Hello guys and girls,
the other day i was shooting what i thought were beautiful portraits at night with an SMC-M 50mm f/1.7 wide open and a Pentax K-x, and when i got home i found a bunch of out-of-focus pictures. I was really frustrated to having missed those shots, so i got inspired by a video about adapting a film-camera split-prism focusing screen, and next day i got my hands on the doing.
This is the video
, and the rest of the post is about the experience of doing it.
I got started dissasembling a Canon T60, taking out the pentaprism to acces the focusing screen (this model has not interchangeable focusing screens, so it must be accesed from the inside)
Then i got the focusing screen out
After removing the screen, i removed the K-x screen to measure its size, and draw it in paper to find its center so i could match it to the location of the prism-ring containing the split-prism in the CanonT60 screen. I secured it with scotch-tape and placed slide-glasses on both sides for protection.
These were the tools: Tweezers, microscopy slideglasses, Cutter, and those black things which look like metal-butterflies that are used to holding glass.
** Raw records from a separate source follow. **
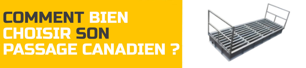 Le passage canadien, aussi appelé barrière canadienne, permet aux piétons, vélos, véhicules et engins agricoles de traverser une route ou une clôture, tout en dissuadant les animaux de faire de même.
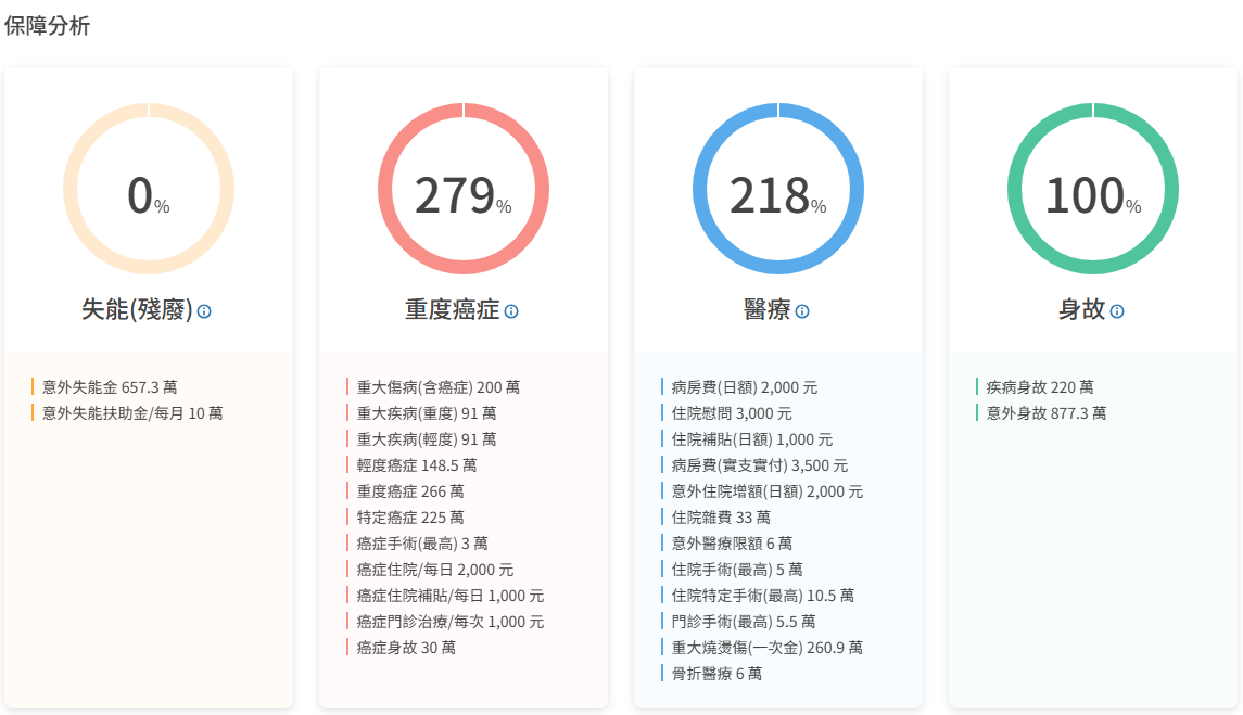 1️⃣ 目前保障缺口:第二家實支實付、重大傷病、癌症險(一次金)、長照險、壽險
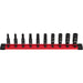 The MILWAUKEE® 10-Piece SHOCKWAVE Impact Duty™ 1/4 in. Drive SAE Deep 6 Point Socket Set features the boldest, longest-lasting markings and extreme impact durability in high torque applications. The stamped and ink-filled size marking makes selecting the right socket every time easy throughout the life of the socket. These Milwaukee sockets are engineered with high strength forged steel for optimized performance in heavy-duty applications. The non-slip hex geometry prevents fastener rounding, and a dual-hole design and ring groove allow for easy socket attachment and removal. The customizable Socket Rail comes with removeable end caps to add or take off socket clips for optimal storage. All SHOCKWAVE Impact Duty™ ™ Sockets backed by a Lifetime Guarantee and meet ASME industry standards.
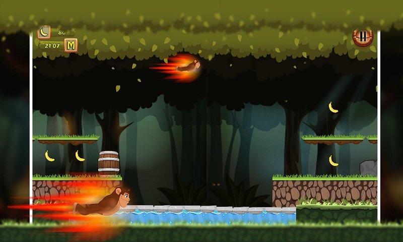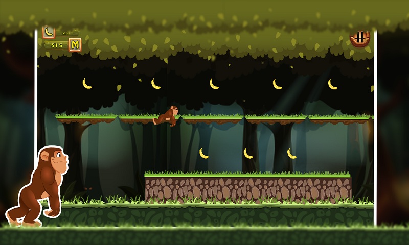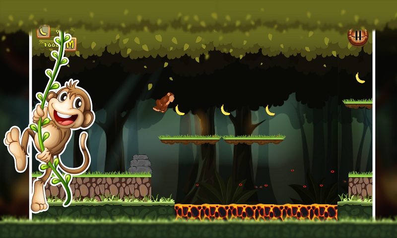 Jump from platform to platform to eat bananas in dangerous jungles. Run continuously but make sure not to lose your footing.
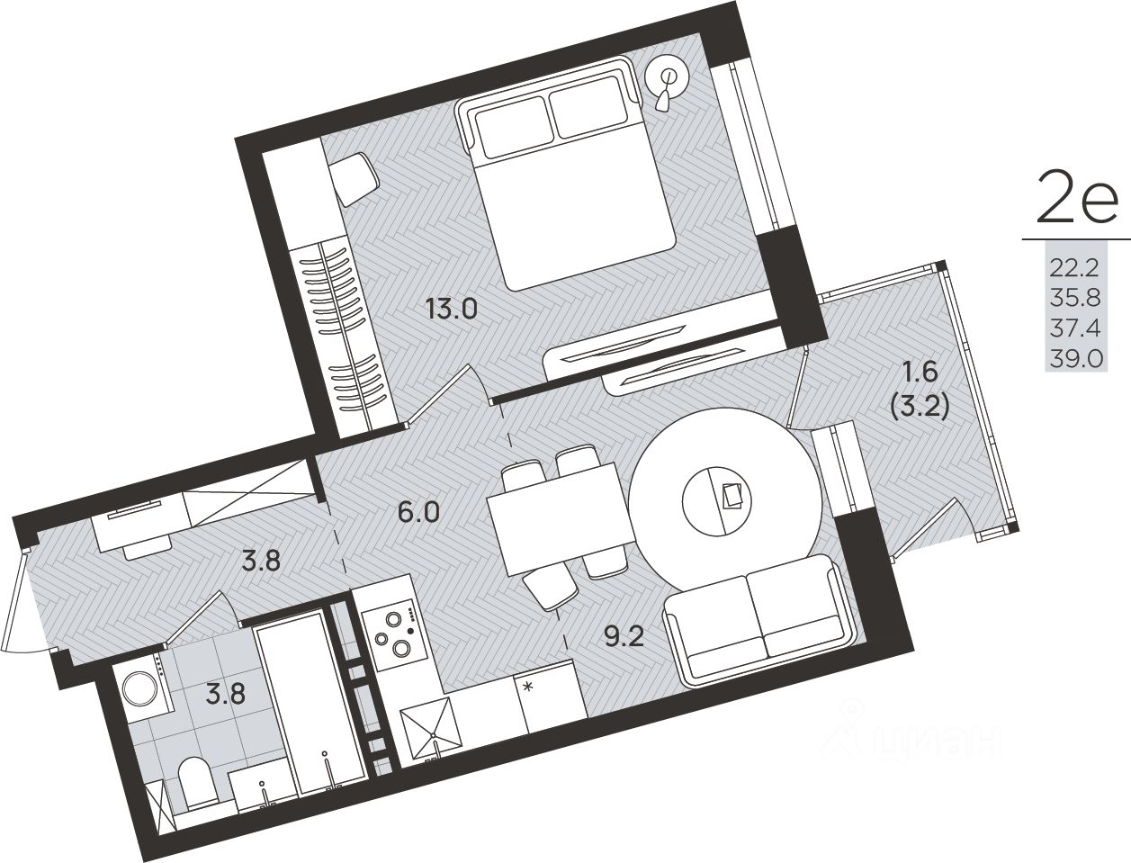 Общая площадь37,4 м2
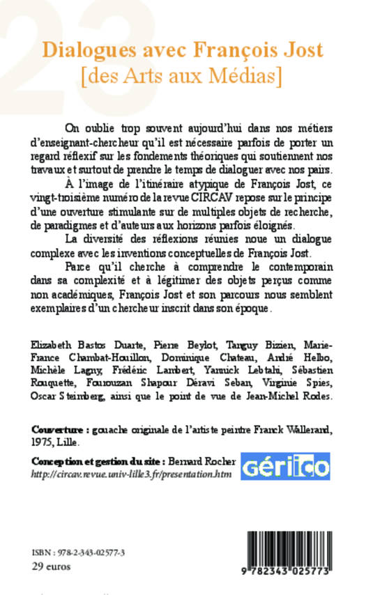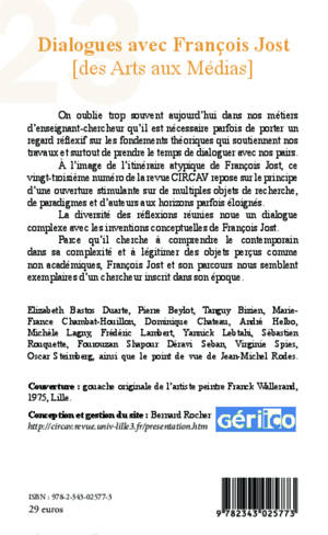 À l’image de l’itinéraire atypique de François Jost, ce vingt-troisième numéro de la revue CIRCAV repose sur le principe d’une ouverture stimulante sur de multiples objets de recherche, de paradigmes et d’auteurs aux horizons parfois éloignés. La diversité des réflexions réunies noue un dialogue complexe avec les inventions conceptuelles de François Jost.
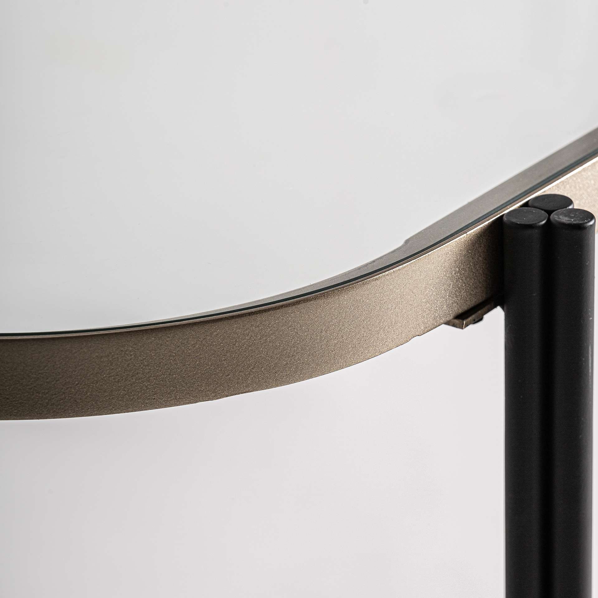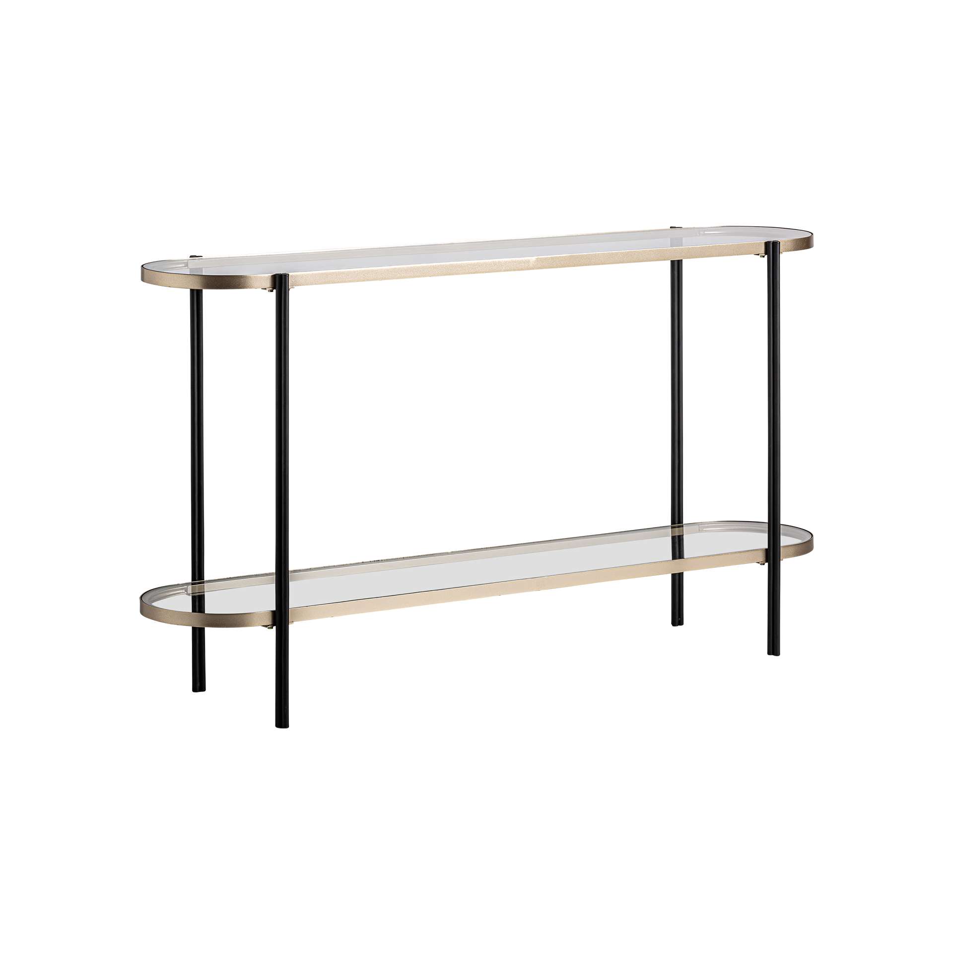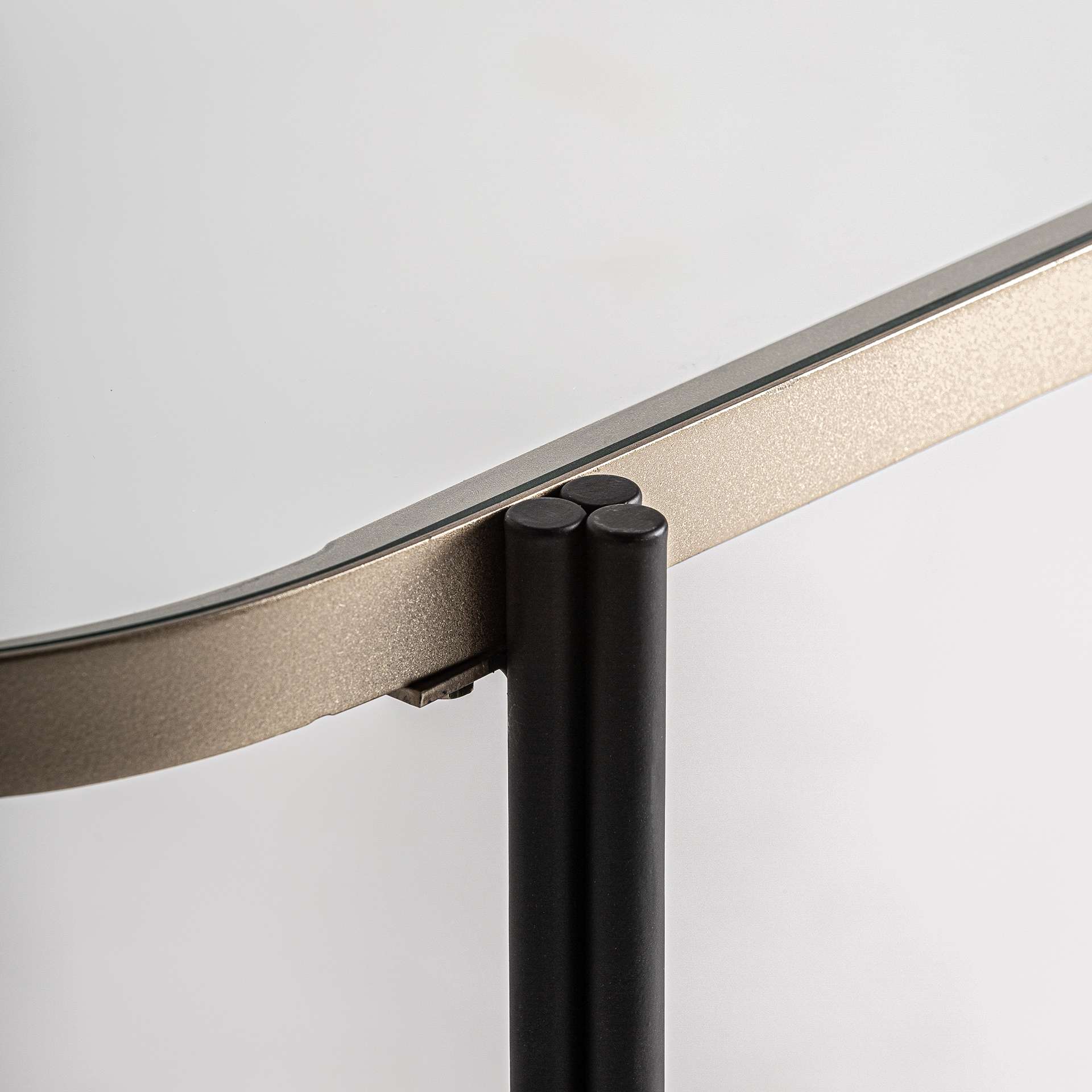 Consola lans de estilo art deco, fabricado en hierro en color negro oro, combinado con cristal. Producto desmontable.

Next thing was to place the focusing screen in the camera, on top of the mirror, without the shims. After some manipulation, it got into place and i locked the slot in the viewfinder, and the focusing screen is doing its marvellous work with fast manual lenses, and it doesnt affect autofocus nor metering at all. It works quite great on tele lenses about 135mm, but regarding wide angles the split-prism shows an image a bit unaligned when in focus. Still i bare with it with the aid of focus-confirm though.
Well, that was all, i just wanted to share with the forum that this is possible in the Pentax K-x, and to hear if anyone else has tried adapting an old screen to fit a DSLR.